The dataset has been successfully encoded. All categorical features have been replaced with their one-hot encoded counterparts, leading to a total of 276 features in the dataset.

Next, we need to split the dataset into features (X) and the target (y), which is the 'SalePrice' in this case. After that, we'll split the data into a training set and a test set. The training set is used to train the machine learning model, while the test set is used to evaluate the model's performance.

In [10]:
from sklearn.model_selection import train_test_split

X = df_encoded.drop('SalePrice', axis=1)
y = df_encoded['SalePrice']

X_train, X_test, y_train, y_test = train_test_split(X, y, test_size=0.2, random_state=42)
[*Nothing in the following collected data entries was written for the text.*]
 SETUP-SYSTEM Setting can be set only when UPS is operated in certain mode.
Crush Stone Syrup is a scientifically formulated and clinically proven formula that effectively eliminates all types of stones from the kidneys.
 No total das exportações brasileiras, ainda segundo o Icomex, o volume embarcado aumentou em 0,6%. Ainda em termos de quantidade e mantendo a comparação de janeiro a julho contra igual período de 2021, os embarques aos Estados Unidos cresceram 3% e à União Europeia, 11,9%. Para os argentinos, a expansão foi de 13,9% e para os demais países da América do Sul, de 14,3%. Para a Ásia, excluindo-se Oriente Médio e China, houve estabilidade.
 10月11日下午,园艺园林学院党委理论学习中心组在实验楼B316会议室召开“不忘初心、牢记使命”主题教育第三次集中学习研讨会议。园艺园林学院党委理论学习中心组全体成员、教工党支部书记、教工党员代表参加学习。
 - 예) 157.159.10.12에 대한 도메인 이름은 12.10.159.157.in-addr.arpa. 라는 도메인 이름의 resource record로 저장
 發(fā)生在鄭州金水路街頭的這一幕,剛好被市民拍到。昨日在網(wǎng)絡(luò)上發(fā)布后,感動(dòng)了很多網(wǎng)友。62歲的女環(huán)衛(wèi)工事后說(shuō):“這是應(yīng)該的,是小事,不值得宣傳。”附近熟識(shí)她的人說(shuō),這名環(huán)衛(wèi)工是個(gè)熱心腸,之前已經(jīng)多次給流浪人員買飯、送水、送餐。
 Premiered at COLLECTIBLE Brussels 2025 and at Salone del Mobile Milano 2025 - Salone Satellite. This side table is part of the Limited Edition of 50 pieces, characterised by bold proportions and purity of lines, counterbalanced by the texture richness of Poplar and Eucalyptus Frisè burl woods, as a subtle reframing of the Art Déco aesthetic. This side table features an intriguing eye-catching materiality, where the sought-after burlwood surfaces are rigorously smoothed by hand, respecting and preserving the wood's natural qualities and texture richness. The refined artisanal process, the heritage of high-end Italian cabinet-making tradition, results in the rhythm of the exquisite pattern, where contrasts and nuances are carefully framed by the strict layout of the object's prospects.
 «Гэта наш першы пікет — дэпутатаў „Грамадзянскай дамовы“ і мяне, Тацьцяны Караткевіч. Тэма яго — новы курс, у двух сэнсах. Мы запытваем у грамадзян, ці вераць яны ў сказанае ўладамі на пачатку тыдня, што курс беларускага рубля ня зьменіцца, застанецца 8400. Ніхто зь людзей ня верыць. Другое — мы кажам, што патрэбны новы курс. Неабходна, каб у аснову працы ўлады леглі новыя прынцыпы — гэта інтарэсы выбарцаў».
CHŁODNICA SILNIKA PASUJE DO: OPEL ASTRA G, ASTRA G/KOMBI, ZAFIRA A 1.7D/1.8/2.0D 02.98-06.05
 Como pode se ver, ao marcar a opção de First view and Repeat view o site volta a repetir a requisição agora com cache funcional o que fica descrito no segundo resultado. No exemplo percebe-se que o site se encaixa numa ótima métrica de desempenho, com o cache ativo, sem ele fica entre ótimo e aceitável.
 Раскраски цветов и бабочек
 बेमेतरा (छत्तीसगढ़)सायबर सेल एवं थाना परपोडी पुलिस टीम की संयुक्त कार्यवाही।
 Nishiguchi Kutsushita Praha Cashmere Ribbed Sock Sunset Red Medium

X_train.shape, X_test.shape, y_train.shape, y_test.shape

((1168, 275), (292, 275), (1168,), (292,))

The dataset has been successfully split into a training set and a test set. The training set consists of 1168 instances and the test set consists of 292 instances.

The next step is to train a machine learning model on the training set. For this task, I suggest using the Gradient Boosting Regressor, which is a powerful and widely used model for regression tasks. This model is known to provide high performance and can handle a wide variety of data.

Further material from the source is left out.